I am glad the paper went to a good home!! Test it for acid level as long as
it is neutral it should be fine. You can use a garden ph soil testing kit or
a pen is available that will show the acid level of the paper. As to the
quality it sounds pretty good it probably depends on what it was originally
intended for.
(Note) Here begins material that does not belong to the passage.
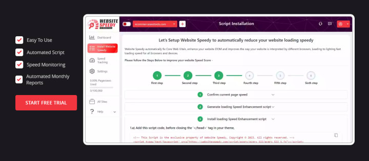 • Website speed optimization suggestions: Website Speedy provides suggestions and easy to add a script that helps to improve your website's loading speed.

You could always contact the manufacturers if they are still
in business.



> -----Original Message-----
> From: Peter N Krantz [SMTP:bkfndrs@OZEMAIL.COM.AU]
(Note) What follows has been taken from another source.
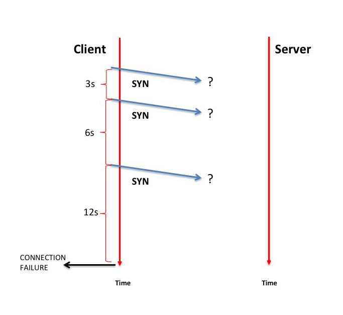 Unix-based TCP implementations are similar to Windows TCP, but tend to be more persistent in terms of waiting for a response to the SYN packet. MAC OSx 10.7.2 (whose TCP stack and configuration settings closely resemble that of FreeBSD) uses 10 retransmits spaced at intervals of 1, 1, 1, 1, 2, 4, 8, 16, and 32 seconds, and a generic TCP connection attempt will wait for a total of 75 seconds before returning a connection failure indication to the upper level application. The Linux operating system uses a slightly different retransmit settings. A setting I've encountered frequently is one with 5 SYN retransmits with successive wait intervals of 3, 6, 9, 12, 24 and 48 seconds. Linux will wait a further 96 seconds before reporting connection failure. That's an impressive 189 seconds, or slightly over 3 minutes between the application opening the session and triggering TCP to send the first SYN packet and receiving a connection failure indication from the TCP protocol engine.

> Sent: Thursday, June 15, 2000 11:45 PM
> Subject:      Advice sought concerning aged paper
> Greetings to the List from Australia.
> We should like to ask a question to the group, but first, may we
> indulge you with a preamble?
> We have recently acquired a large quantity of wove papers, originating
> from English and Italian paper mills.  Some are still in their
> original packaging, as shipped from the mills in Europe, whilst others
> are loose sheets.  The sizes vary, but are as large as one might
> purchase from an artist supply shop.  They have been sitting in a
> warehouse for about 40 years, and have not been touched.  Some have
> soiled edges and margins, due to accumulated dust, and some are
> slightly faded.  Most are in VG condition.  All are uncoated, and
> ivory or cream in colour, except one paper, which is light yellow in
> colour.
> The papers are from the following mills:
> Fabriano, in Italy (name watermarked)
> T.H. Saunders (name watermarked, including the year 1959).  Two
> distinct weights
> J. Green (probably J. Barcham Green)  (name is small blind-embossed in
> corner)
> Grosvenor Chater Ltd (no watermarkings)
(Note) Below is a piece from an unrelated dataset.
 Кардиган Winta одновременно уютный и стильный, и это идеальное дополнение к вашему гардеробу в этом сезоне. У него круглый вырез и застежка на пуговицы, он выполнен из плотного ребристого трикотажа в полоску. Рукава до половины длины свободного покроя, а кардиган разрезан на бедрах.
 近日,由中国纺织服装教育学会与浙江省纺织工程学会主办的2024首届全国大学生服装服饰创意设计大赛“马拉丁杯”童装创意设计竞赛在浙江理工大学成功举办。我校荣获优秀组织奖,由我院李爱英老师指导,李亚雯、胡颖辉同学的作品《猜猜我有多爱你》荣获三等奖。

> The weights range from about 110 to about 180 grams per square metre,
> which, in non-metric terms, loosely means a range from good endpaper
> paper, to good artist or limited edition printable paper.  The first
> three named papers are deckle edged, and are probably cylinder made,
> but they are all superior quality.  It would appear that they are not
> hand made, because they have a grain.  (Do we have this correct?)
> They also have surfaces which are not pressed smooth, like many modern
> papers.
> In relation to the lower-weighted papers particularly, we would like
> to use them as endpapers.  We find that they easily suit the ambience
> and feel of old books.  When restoring C18th, C19th and to some extent
> C20th books, and particularly when constructing sophisticated
> endpapers, sometimes requiring 4-6 folded sheets per book, it is
> important that the paper used be in sympathy with the rest of the
> book, and not appear our of character.  A number of these papers are
> suitable from this point of view.
> The question:
> Would any of the learned group like to comment on the use of this old
> paper in old books being restored, from valuable C18th and C19th
> works, through to the large family Bibles of the latter half of the
> C19th.  Does anyone know whether the paper from this period (1950-60),
> is considered "good" quality, and archivally sound?  This is the
> crucial point.
> If you have got this far, well, that is good, for your attention span
> must be excellent!
> Your comments are appreciated.  It seems a pity not to put such
> quality paper to good use.  Had we not acquired it, the intention of
> the previous owner was to....give the paper to some of the local
> kindergartens for drawing on!!
> Peter Krantz.
> ************************************************
> Book Restorations.
> 34 Clanville Road,
> Roseville,
> N.S.W.        2069,
> Australia.
> (P.O. Box 500,  North Sydney,  N.S.W.  2059.)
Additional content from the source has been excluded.